Action item: The first line of the entries below, the line containing "Fig. 2. Xenopus", and every line between them should be repeated exactly, and nothing else.

** Opening Given entries block **

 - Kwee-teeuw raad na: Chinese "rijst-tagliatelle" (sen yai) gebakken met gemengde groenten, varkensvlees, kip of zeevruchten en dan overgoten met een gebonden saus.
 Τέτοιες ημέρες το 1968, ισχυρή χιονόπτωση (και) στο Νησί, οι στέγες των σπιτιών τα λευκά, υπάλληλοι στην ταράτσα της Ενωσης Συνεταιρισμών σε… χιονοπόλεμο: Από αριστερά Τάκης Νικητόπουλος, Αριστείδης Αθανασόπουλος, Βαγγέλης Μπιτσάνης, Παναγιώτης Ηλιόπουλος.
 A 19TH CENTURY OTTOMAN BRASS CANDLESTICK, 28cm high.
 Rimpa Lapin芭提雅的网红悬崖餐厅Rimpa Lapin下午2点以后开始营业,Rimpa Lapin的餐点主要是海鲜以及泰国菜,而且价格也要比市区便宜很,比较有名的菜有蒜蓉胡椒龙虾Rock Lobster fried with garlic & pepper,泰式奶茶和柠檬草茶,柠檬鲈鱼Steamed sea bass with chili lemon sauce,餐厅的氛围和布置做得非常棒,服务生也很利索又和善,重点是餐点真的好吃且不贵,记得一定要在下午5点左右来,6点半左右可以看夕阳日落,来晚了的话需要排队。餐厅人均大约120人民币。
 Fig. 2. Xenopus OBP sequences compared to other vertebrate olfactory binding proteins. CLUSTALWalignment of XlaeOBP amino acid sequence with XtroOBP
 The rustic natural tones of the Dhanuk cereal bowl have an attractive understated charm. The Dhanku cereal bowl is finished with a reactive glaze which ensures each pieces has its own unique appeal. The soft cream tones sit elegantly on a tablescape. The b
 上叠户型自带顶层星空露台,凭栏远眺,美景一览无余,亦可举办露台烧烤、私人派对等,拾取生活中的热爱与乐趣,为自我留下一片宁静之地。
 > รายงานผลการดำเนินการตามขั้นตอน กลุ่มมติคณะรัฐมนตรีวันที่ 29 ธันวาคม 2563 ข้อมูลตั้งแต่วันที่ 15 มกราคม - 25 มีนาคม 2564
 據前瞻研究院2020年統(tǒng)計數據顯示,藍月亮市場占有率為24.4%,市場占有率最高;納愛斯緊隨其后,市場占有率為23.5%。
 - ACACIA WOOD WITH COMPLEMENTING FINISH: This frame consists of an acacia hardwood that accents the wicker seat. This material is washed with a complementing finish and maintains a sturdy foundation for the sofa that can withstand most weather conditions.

** Closing Given entries block **

Answer box:
 - Kwee-teeuw raad na: Chinese "rijst-tagliatelle" (sen yai) gebakken met gemengde groenten, varkensvlees, kip of zeevruchten en dan overgoten met een gebonden saus.
 Τέτοιες ημέρες το 1968, ισχυρή χιονόπτωση (και) στο Νησί, οι στέγες των σπιτιών τα λευκά, υπάλληλοι στην ταράτσα της Ενωσης Συνεταιρισμών σε… χιονοπόλεμο: Από αριστερά Τάκης Νικητόπουλος, Αριστείδης Αθανασόπουλος, Βαγγέλης Μπιτσάνης, Παναγιώτης Ηλιόπουλος.
 A 19TH CENTURY OTTOMAN BRASS CANDLESTICK, 28cm high.
 Rimpa Lapin芭提雅的网红悬崖餐厅Rimpa Lapin下午2点以后开始营业,Rimpa Lapin的餐点主要是海鲜以及泰国菜,而且价格也要比市区便宜很,比较有名的菜有蒜蓉胡椒龙虾Rock Lobster fried with garlic & pepper,泰式奶茶和柠檬草茶,柠檬鲈鱼Steamed sea bass with chili lemon sauce,餐厅的氛围和布置做得非常棒,服务生也很利索又和善,重点是餐点真的好吃且不贵,记得一定要在下午5点左右来,6点半左右可以看夕阳日落,来晚了的话需要排队。餐厅人均大约120人民币。
 Fig. 2. Xenopus OBP sequences compared to other vertebrate olfactory binding proteins. CLUSTALWalignment of XlaeOBP amino acid sequence with XtroOBP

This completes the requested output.